Ante una moción para exhortar al gobierno a extender el tratamiento de protección temporal a los exiliados venezolanos presentado por el Partido Popular con apoyo de Ciudadanos y sus aliados en el Congreso de los Diputados, el partido PSOE al que pertenece Pedro Sanchez optó por abstenerse y –como era de esperar en mercenarios de la política– el partido Podemos del señor Iglesias, fiel a sus reconocidos y confesos financistas Chávez/Maduro, naturalmente votó en contra. La iniciativa igual tuvo respaldo mayoritario y fue aprobada (176 a favor, 74 en contra y las 90 abstenciones principalmente del PSOE).

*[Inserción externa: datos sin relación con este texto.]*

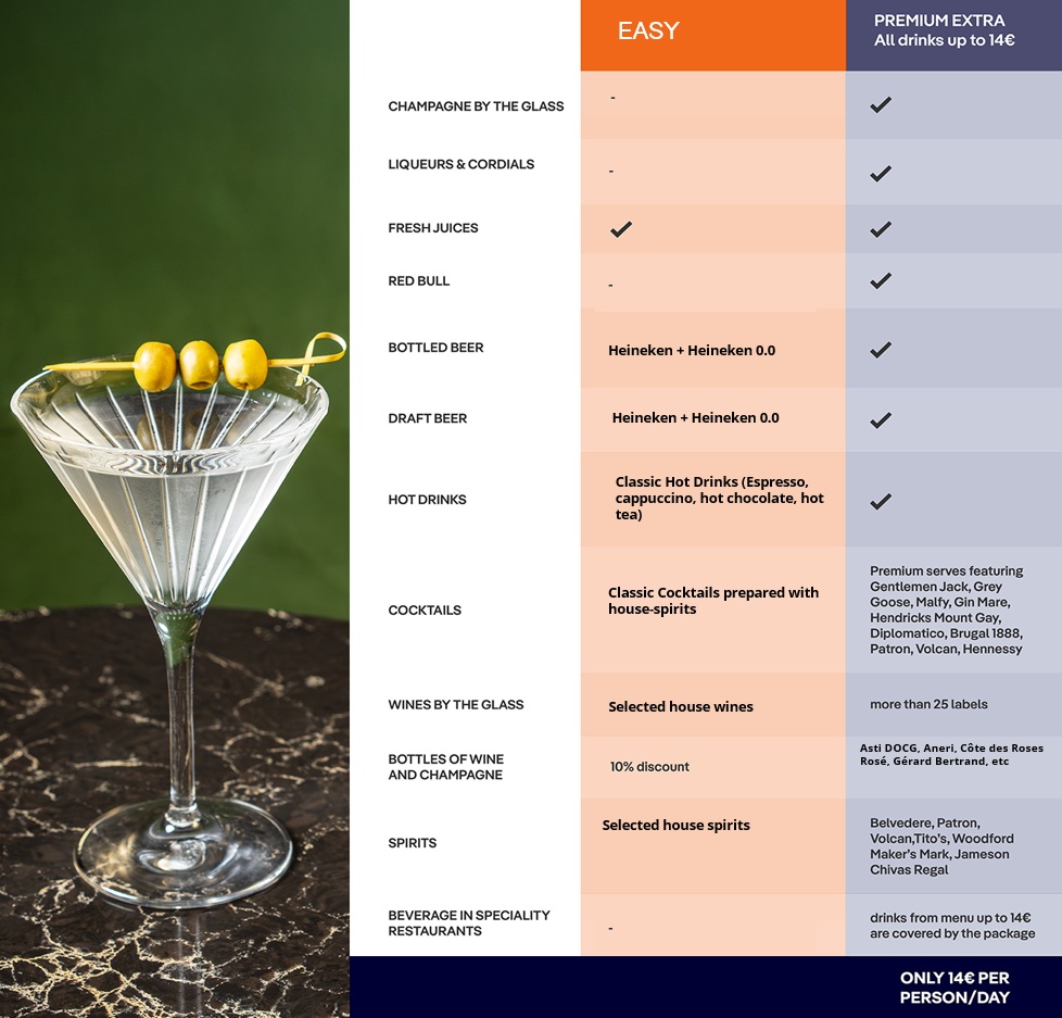 Obsahuje výběr rozlévaných nápojů do ceny 7 EUR / 10 USD: klasických koktejlů, domácích destilátů a míchaných nápojů, nealkoholické koktejly, specializovaný výběr domácích vín, pivo, limonády, ovocné šťávy, balené minerální vody a klasické horké nápoje (espresso, cappuccino, caffe latte, horký čaj).
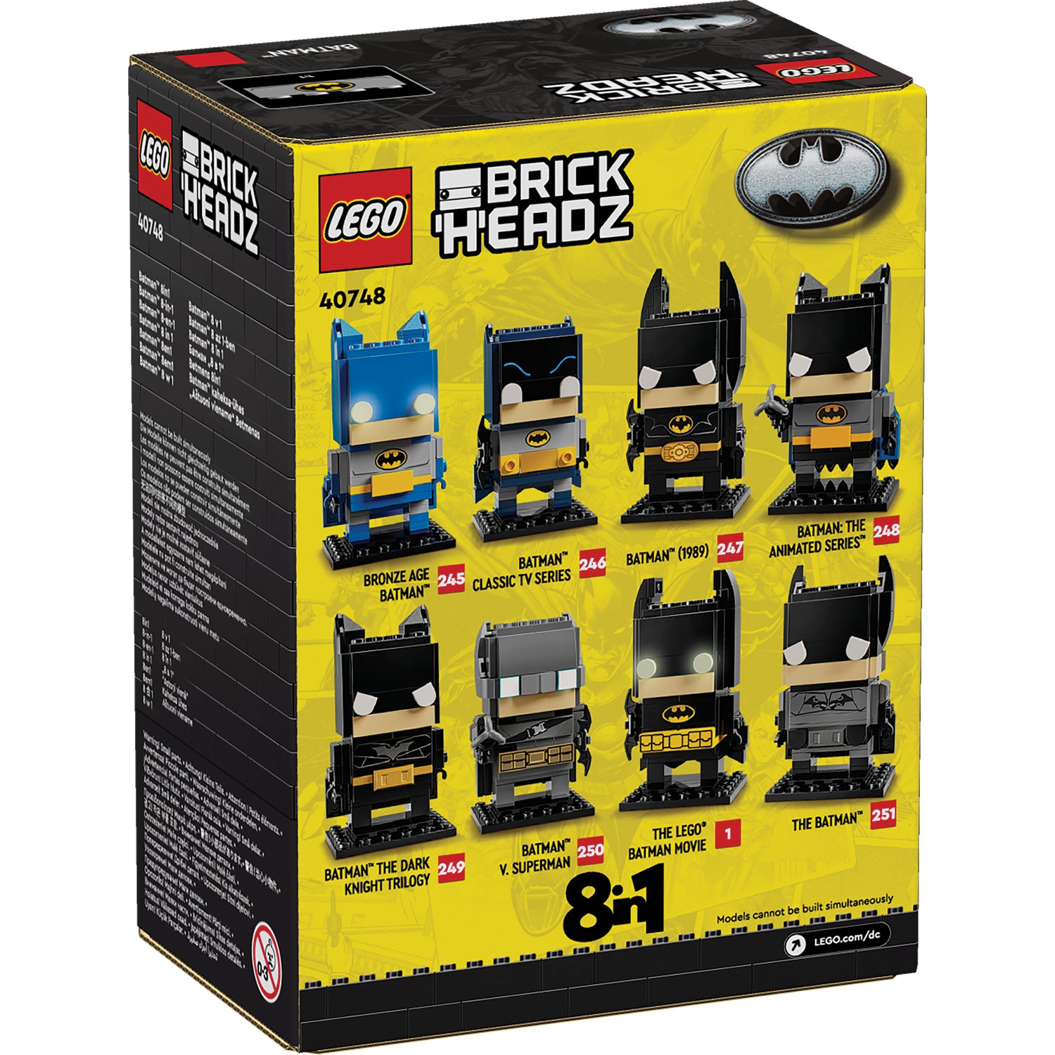 With LEGO® BrickHeadz™ Batman™: Batman 8in1 Figure (40748) kids can build their Batman model in any of the following styles: (1) Bronze Age Batman; (2) Batman Classic TV series; (3) Batman (1989); (4) Batman: The Animated Series; (5) Batman The Dark Knight Trilogy; (6) Batman v. Superman; (7) The LEGO Batman Movie, with glow-in-the-dark eyes; and (8) The Batman. This 8in1 BrickHeadz set makes a great gift for kids aged 10 and up to build, play with and display.
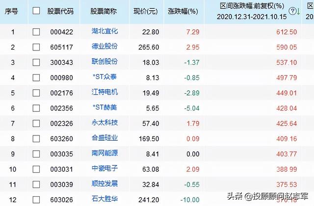 该数据是统计到上周五即10月15日收盘的。德业股份、南网能源、中瓷电子,这三个是刚上市新股,时间不足一年,其中德业股份605117作为具有储能、制冷剂等题材股价表现一直很优秀,甚至在周五的时候依然能够创出新高,按照开板后期正常交易价格到现在价格,涨幅也有4倍之多,表现非常的给力。在次新股中如此走势可以称为一只大牛股,在老股里的排名也能挤进前十名。
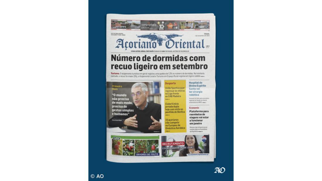 O recuo no número de dormidas turísticas nos Açores em setembro, face ao mesmo mês do ano anterior, contrariando um longo ciclo consecutivo de subidas, está em destaque no Açoriano Oriental de sábado, 1 de novembro de 2025.
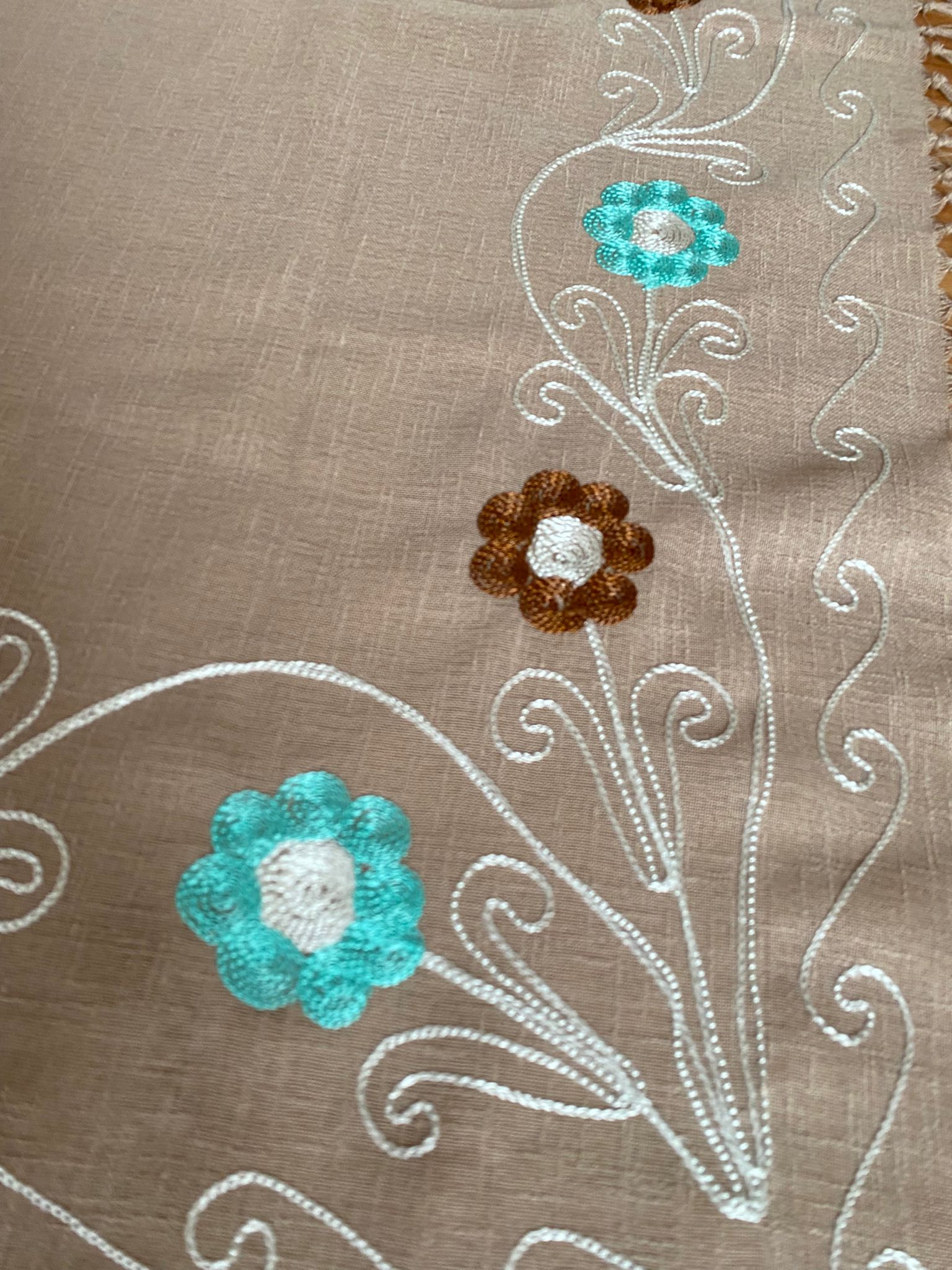 Açık hava sofralarınızı bir sanat eserine dönüştürün! Doğal keten dokusunun verdiği sıcaklığı, turkuaz ve kahve tonlarındaki el işçiliği papatya nakışlarıyla birleştirdik. Hem terasınızdaki ahşap masalara hem de modern bahçe mobilyalarınıza uyum sağlayacak bu örtü, samimi ve şık davetlerin vazgeçilmezi olacak.
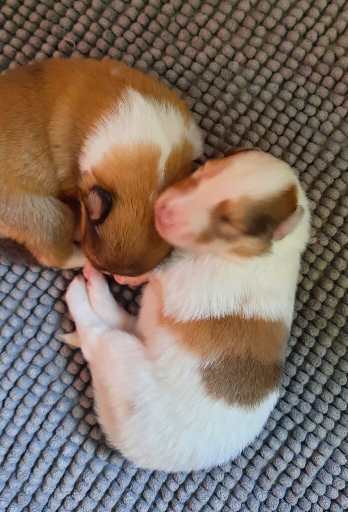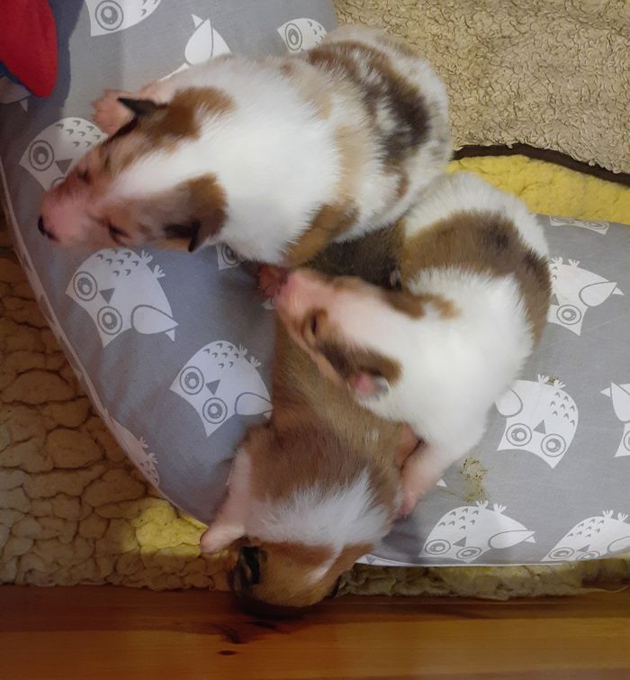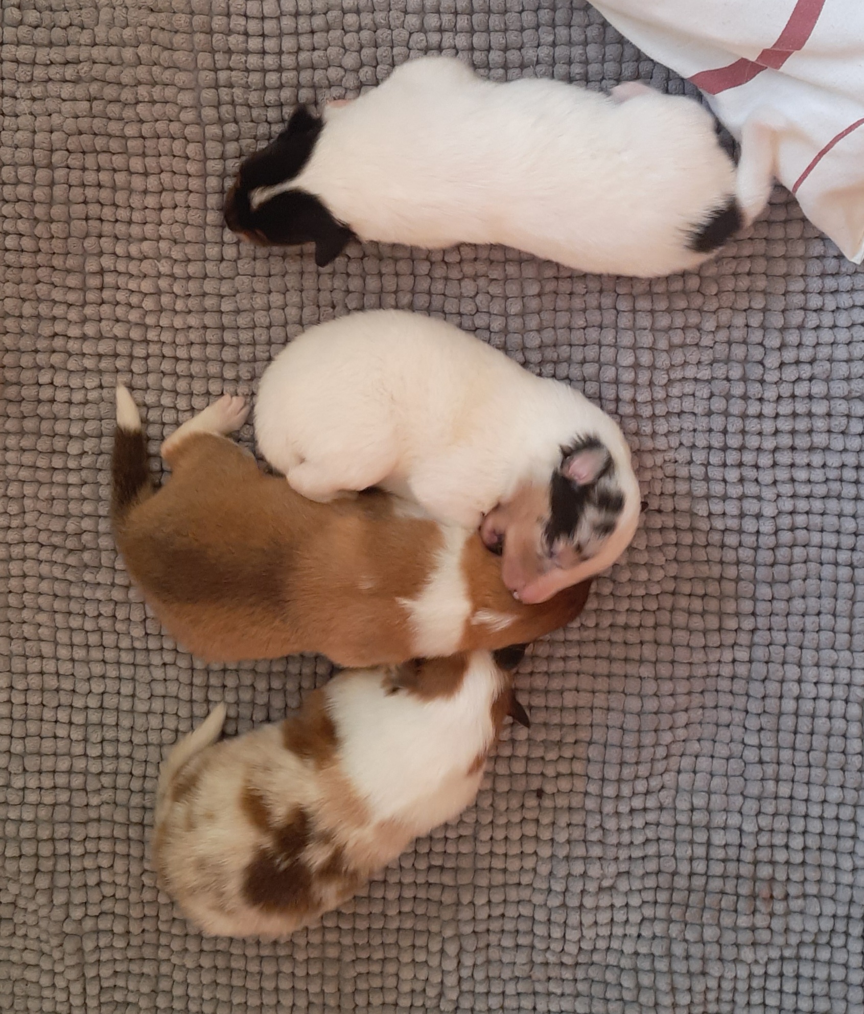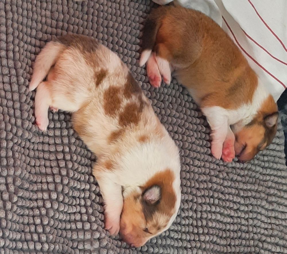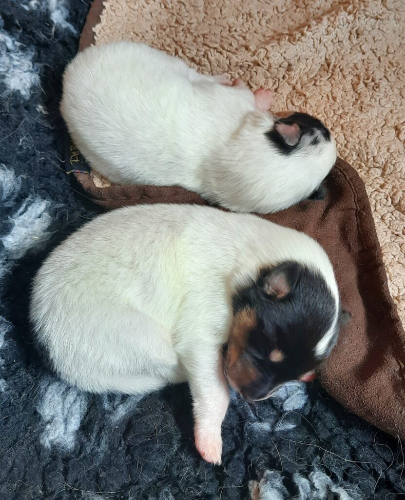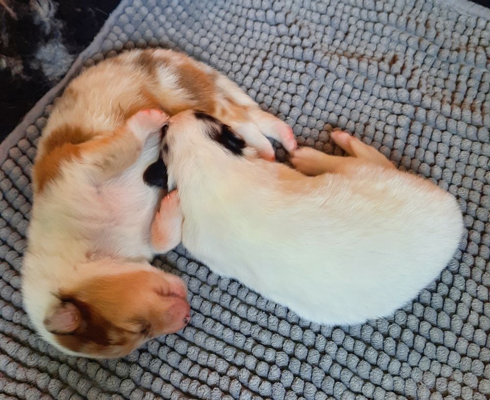 31.08.25 (14 Tage alt, 2 Wochen) Hallihallo hier spricht die Schwerste vom Ochen Clan, wenn wir das so machen, dass immer der oder die Schwerste schreiben dürfen, dann werde ich das wohl hier sein. 😉 🙂 Hi hier ist eure Shuri 😀 Also wir sind ja nun schon in der 3. Woche und vorgestern kamen leider, wie wohl bei allen Lütten, die Würmer ins Spiel, denn obwohl wir Mama bestimmt gefühlt 10 mal gerufen haben und wir die Milchbar leer gesoffen haben, hatten wir abgenomme anscheinend haben die noch MEHR Hunger als wir. Prompt gabs da was in unser Mäulchen und die Nacht war dann etwas uffregend, wegen Bauchweh und so… Mama hat sich dann auch mal für ein paar Stunden eine Auszeit gegönnt, aber Frauli lag ja neben uns und hat unsere Bauchis gestreichelt, wo es grade nötig war. Aber heute morgen hatte die Waage super Gewichte angezeigt, also hat es ja was genutzt. Mama produziert auch ordentlich Milch, wie ihr auf der Seite unter (Welpen O-Wurf) sehen könnt. Dann zeig ich euch jetzt noch schöne Fotos von uns , denn wir haben alle unsere Augen geöffnet und sehen jetzt immer was wir bis jetzt nur riechen und ganz leise hören konnten. Liebe Grüße eure Shuri 🙂

Con el ejemplo anterior queda en evidencia que las necesidades inmediatas de política interna pueden anteponerse a los valores permanentes del Estado y del pueblo español de compromiso con la democracia, en general, y la de América Latina, en particular. Lo más probable es que como se trata tan solo de una exhortación, el señor Sanchez opte por ignorarla. (Ya hace años Rajoy también se acomodó con Chávez para asegurar un muy jugoso contrato de construcción naval).
Igual sucedió hace apenas semanas cuando el gobierno de España, representado por su canciller, Josep Borrell, presentó ante el Consejo de Ministros de la Unión Europea, en Bruselas, una iniciativa para suavizar las sanciones de ese grupo contra los violadores de derechos humanos en Venezuela. Allí estaban los delegados españoles sucumbiendo a las presiones de Podemos, que mantiene al gobierno como rehén. Al final el resultado fue que el cuerpo ratificó la política común fijada hace ya tiempo y resta por ver si España mira a largo plazo o no.
Los aliados aparecen y desaparecen según los vientos. A eso se llama “real politik”. La enseñanza es que hay que aprovecharlos mientras están, pero tener claro que las soluciones son desde adentro.